Activity: I would like the entries transcribed word for word, please, with the pictures removed.

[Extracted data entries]
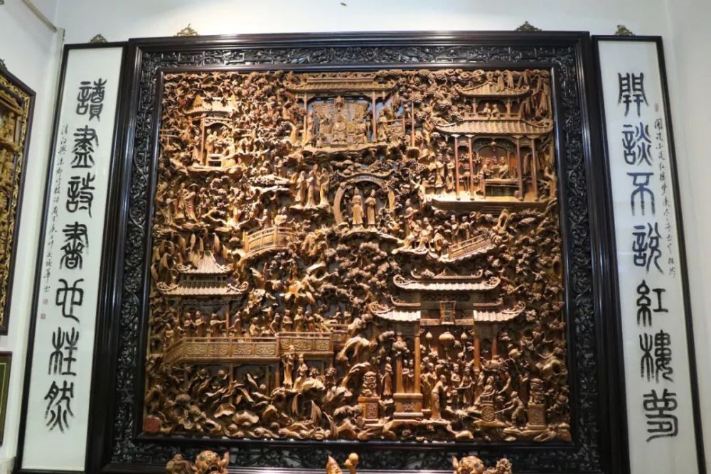 木雕大師金子松創(chuàng)作的素雕作品——《紅樓夢(mèng)·大觀園》 。新華社記者 孟宜霏 攝
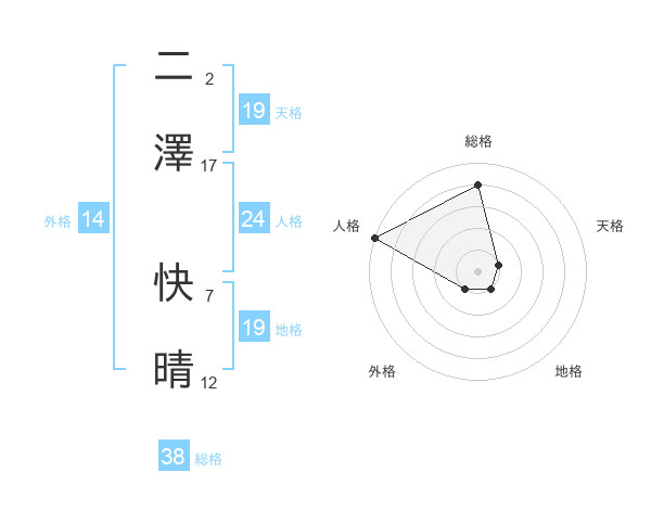 二澤 快晴さんの総格は38画の4点!
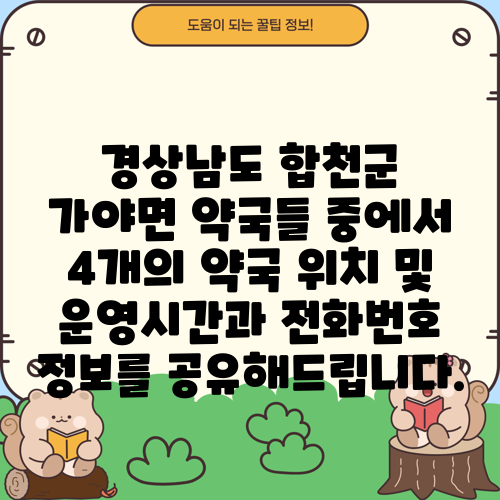경상남도 합천군 가야면 약국들 중에서 4개의 약국 위치 및 운영시간과 전화번호 정보를 공유해드립니다.
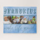 This jigsaw puzzle is a fun photo gift for Grandparents. You can add 4 of your favorite photos of the grandchildren, which are displayed in square format, photo strip style. The simple collage is framed with the saying "grandkids make life grand" and is set against a blue background. Please browse our store for more gifts for grandparents.
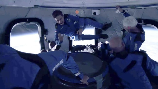 Bezos melakukan penerbangan ke batas luar angkasa 100 kilometer dari permukaan Bumi bersama tiga orang lain, Mark Bezos (adik), "Wally" Funk (82), dan remaja Belanda Oliver Daemen (18).
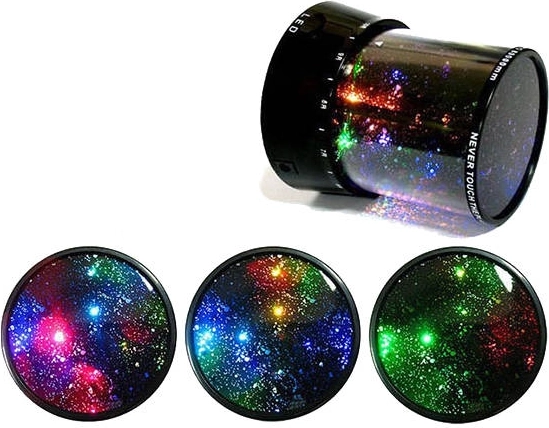 Carcasa cilindrică a proiectorului proiectează pe pereți și tavan stele și constelații în culori vii, creând o atmosferă plăcută, înstelată, pentru relaxare și adormire.
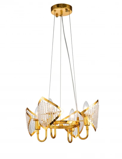 Компактная подвесная люстра в современном стиле. Металлический каркас цвета глянцевого золота украшен бусинами из хрусталя, которые позволяют создать красивую игру света при освещении. Люстра поможет создать качественное освещение в доме, а яркий дизайн дополнит любой интерьер. Общая высота люстры составляет 120 см, при необходимости ее можно уменьшить с помощью подвесных тросов при монтаже.
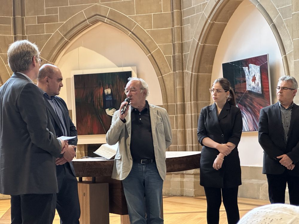 In einem von Dieter Bökemeier, Landespfarrer für Diakonie, Ökumene und Migration, moderierten Gespräch berichteten Matitjahu Kellig von der Jüdischen Gemeinde Herford-Detmold und Nihat Köse über ihre Erfahrungen seit dem Terrorangriff der Hamas und dem darauffolgenden Krieg mit Israel. Antimuslimischer Rassismus und vor allem weltweit erstarkender Antisemitismus sind eine Folge. Matitjahu Kellig erzählte von der Spannung, in der er jeden Tag lebe. „Das Verlangen von Menschen danach, einen Staat plattzumachen, das macht mich betroffen, sehr betroffen.“ Statt eines Gebets bat er darum, einige Minuten aufzustehen und zu schweigen.
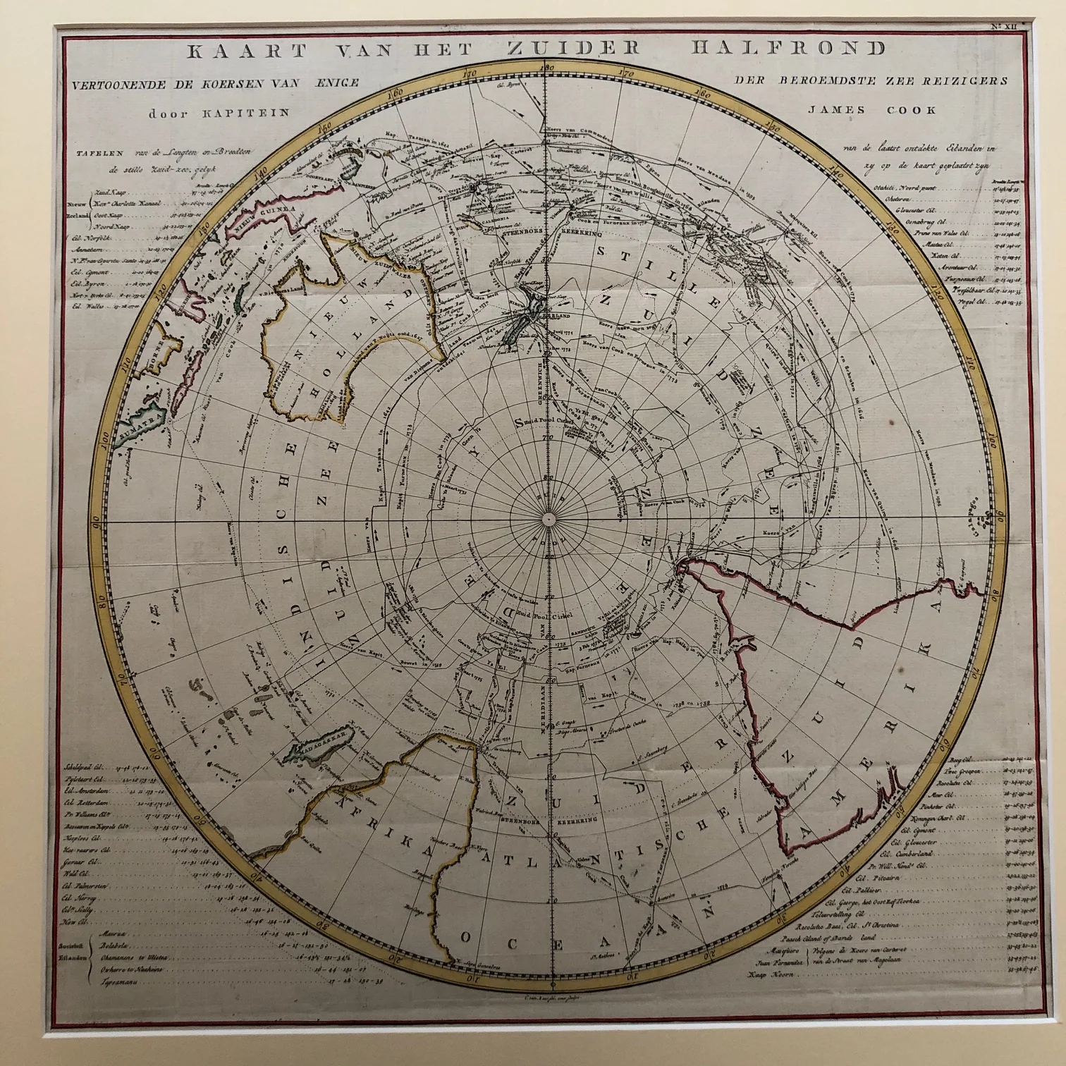This Southern Hemisphere Map Cook titled ‘Kaart van het Zuider Halfrond, vertoonende de Koersen van enige der beroemdste zee reizigers door Kapitein James Cook’ shows the world below the equator in striking detail. C. van Baarsel engraved and published this map in 1799. It traces Captain James Cook’s famous exploration routes across the Southern Ocean while revealing Antarctica, Australia, New Zealand, southern Africa, and the tip of South America.

Answer box:
 木雕大師金子松創(chuàng)作的素雕作品——《紅樓夢(mèng)·大觀園》 。新華社記者 孟宜霏 攝
 二澤 快晴さんの総格は38画の4点!
경상남도 합천군 가야면 약국들 중에서 4개의 약국 위치 및 운영시간과 전화번호 정보를 공유해드립니다.
 This jigsaw puzzle is a fun photo gift for Grandparents. You can add 4 of your favorite photos of the grandchildren, which are displayed in square format, photo strip style. The simple collage is framed with the saying "grandkids make life grand" and is set against a blue background. Please browse our store for more gifts for grandparents.
 Bezos melakukan penerbangan ke batas luar angkasa 100 kilometer dari permukaan Bumi bersama tiga orang lain, Mark Bezos (adik), "Wally" Funk (82), dan remaja Belanda Oliver Daemen (18).
 Carcasa cilindrică a proiectorului proiectează pe pereți și tavan stele și constelații în culori vii, creând o atmosferă plăcută, înstelată, pentru relaxare și adormire.
 Компактная подвесная люстра в современном стиле. Металлический каркас цвета глянцевого золота украшен бусинами из хрусталя, которые позволяют создать красивую игру света при освещении. Люстра поможет создать качественное освещение в доме, а яркий дизайн дополнит любой интерьер. Общая высота люстры составляет 120 см, при необходимости ее можно уменьшить с помощью подвесных тросов при монтаже.
 In einem von Dieter Bökemeier, Landespfarrer für Diakonie, Ökumene und Migration, moderierten Gespräch berichteten Matitjahu Kellig von der Jüdischen Gemeinde Herford-Detmold und Nihat Köse über ihre Erfahrungen seit dem Terrorangriff der Hamas und dem darauffolgenden Krieg mit Israel. Antimuslimischer Rassismus und vor allem weltweit erstarkender Antisemitismus sind eine Folge. Matitjahu Kellig erzählte von der Spannung, in der er jeden Tag lebe. „Das Verlangen von Menschen danach, einen Staat plattzumachen, das macht mich betroffen, sehr betroffen.“ Statt eines Gebets bat er darum, einige Minuten aufzustehen und zu schweigen.
This Southern Hemisphere Map Cook titled ‘Kaart van het Zuider Halfrond, vertoonende de Koersen van enige der beroemdste zee reizigers door Kapitein James Cook’ shows the world below the equator in striking detail. C. van Baarsel engraved and published this map in 1799. It traces Captain James Cook’s famous exploration routes across the Southern Ocean while revealing Antarctica, Australia, New Zealand, southern Africa, and the tip of South America.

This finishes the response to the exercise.